Abstract

www.fattened.net contains a series of moving image, audio and text works, which reflect on how maternality is performed online and offline: researched, imaged, networked, fantasised, interrupted. By timing the conception, gestation and birth of two babies to form my doctoral research, I have used the project to stage my (m)othering body as an unstable working site at the intersection of institution, online/offline communities and artwork. Throughout, my hand has been attached to my iPhone, an extended bodily limb, connected to the Internet or in aeroplane mode. Taking up this subjective, intuitive and embodied position, I identify (m)otherhood in a digital, networked age, as an entangled condition, where the push and pull between online and offline space is amplified, where the (m)othering body is particularly “tied” to others and where a continual disruption of agency and articulacy is at play. The project organises a new configuration of performed maternality asking what constitutes maternal voice and how this can be “spoken” but also “heard” within a matrix of (m)otherhood that is tongue-tied, umbilically-tied, screen-tied, Internet connected, continuously switched on and charged.

“Fattened” and “flattened” are treated as terms of poetic value that articulate varying formations of weight in relation to bodies, spaces and generations. “Fattened” infers an expanded state of corporeality, one of buoyant pregnancy, full cream milk or overwhelming online experience. “Flattened” is thinning and tongue-tied; it connotes anxiety, loss or isolation, often experienced in the digital contemporary.  In my research, these terms overlap and leak into one another, mirroring the equivocal maternal body whose limits are constantly breached and shifting. Fattening and flattening loop to follow my own shifting between pre-pregnant, pregnant and post-pregnant states, and a configuration of maternality that oscillates between the two: “becoming expert” recedes behind the operations and effects of layering, cutting, repeating, scrolling, searching and interrupting. Writing and filming through my own visceral corporeality, I research maternal leakage and kinship, relating a wet aesthetic to maternal womb space and the flow of data we experience virtually.

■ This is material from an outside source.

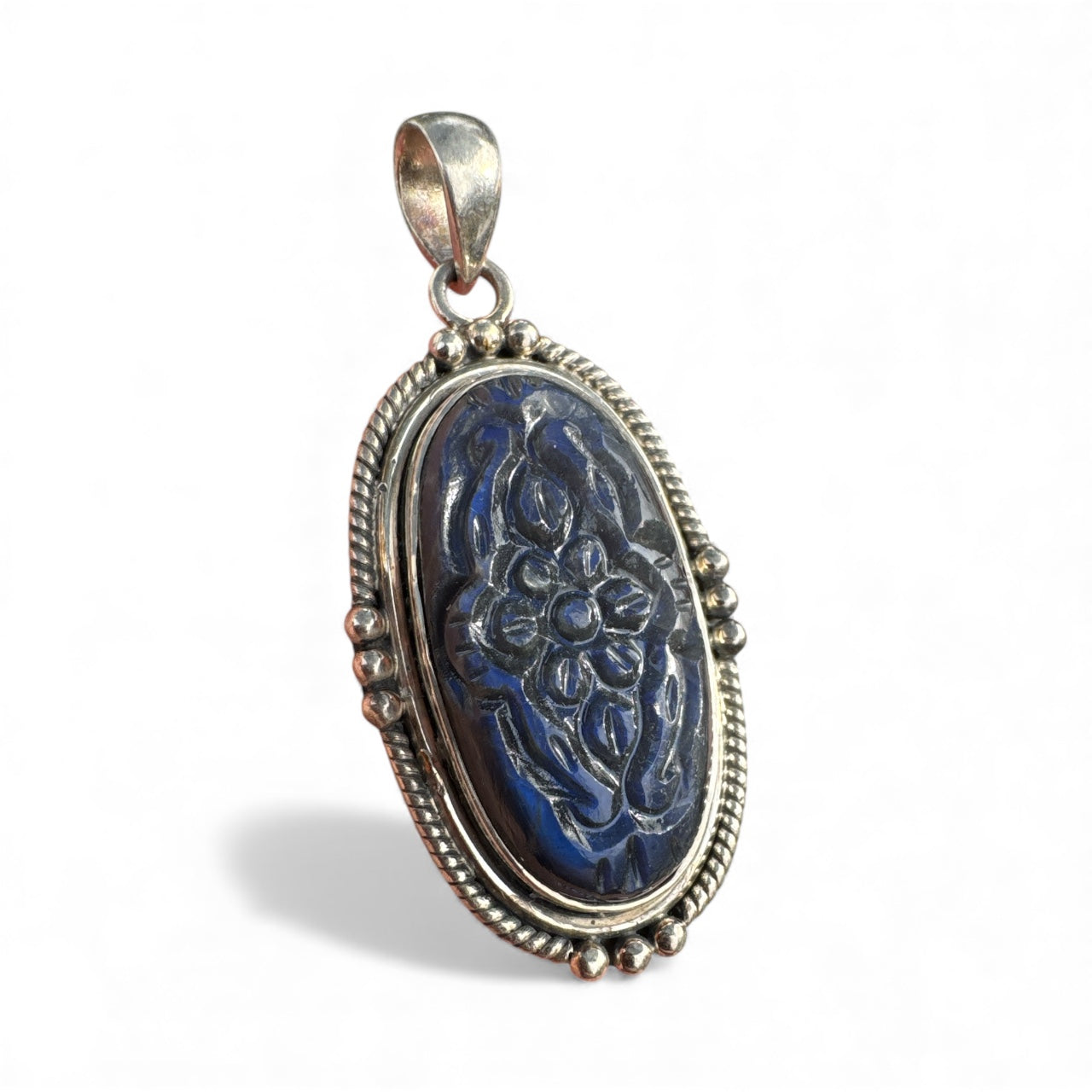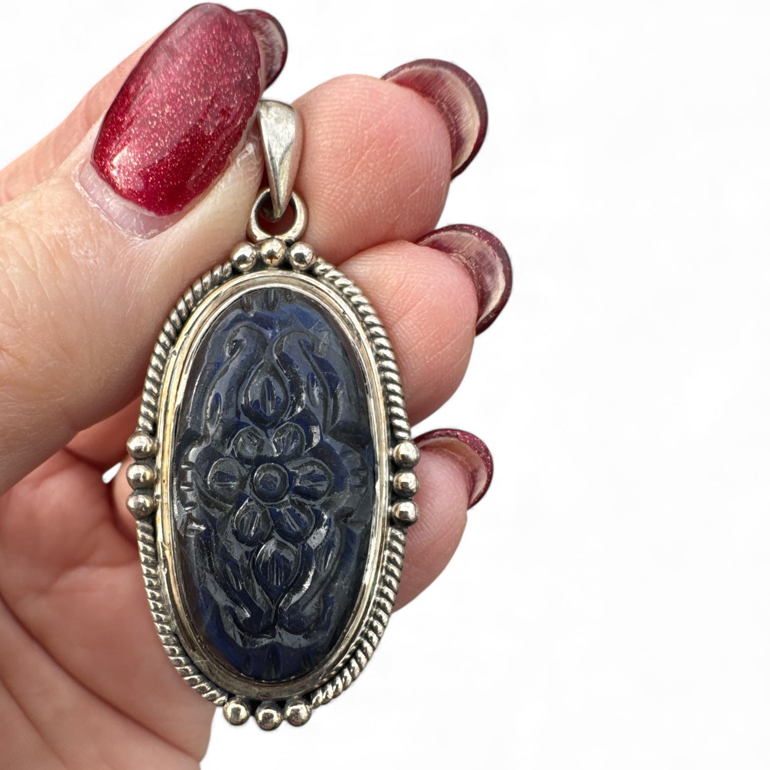 Carved Labradorite Solid 925 Sterling Silver Pendant

In Scroll’s fictional texts and moving image works grouped under Stomach, I configure questions within this wetness around the politics and exchange of pregnant and breastfeeding bodies online, and what seeps out of them.

My research designates a space for a temporary loss of language for the (m)other, at the point of maternality, through a play on words from “mother tongue” to “(m)other tongue-tie”, drawing on my experience of mastitis from breastfeeding my tongue-tied baby during Maternity Leave. I orientate this research through three works in particular, grouped under Screen, which all navigate a maternal subject in varying states of “tongue-tie”. Central to this is Jude (2020), the portrait of a former Rebbetzin, (m)other and drummer and their exclusion from an Orthodox Jewish community as they come out as non-binary and acknowledge their sexuality, using technology, social media and the Internet as tools for exploring their performance of self and the construction of an alternative network of friends around their new identity. As one of those friends, and an active member of the Jewish community that Jude is excluded from, this work has a particular bearing on my own activity as a (m)other researching what it means to “speak” through tongue-tied maternality. It is the artworks themselves that become sites for speech production, speech that encompasses drumbeats, song and images, allowing a figuration of (poly)vocal maternality to emerge.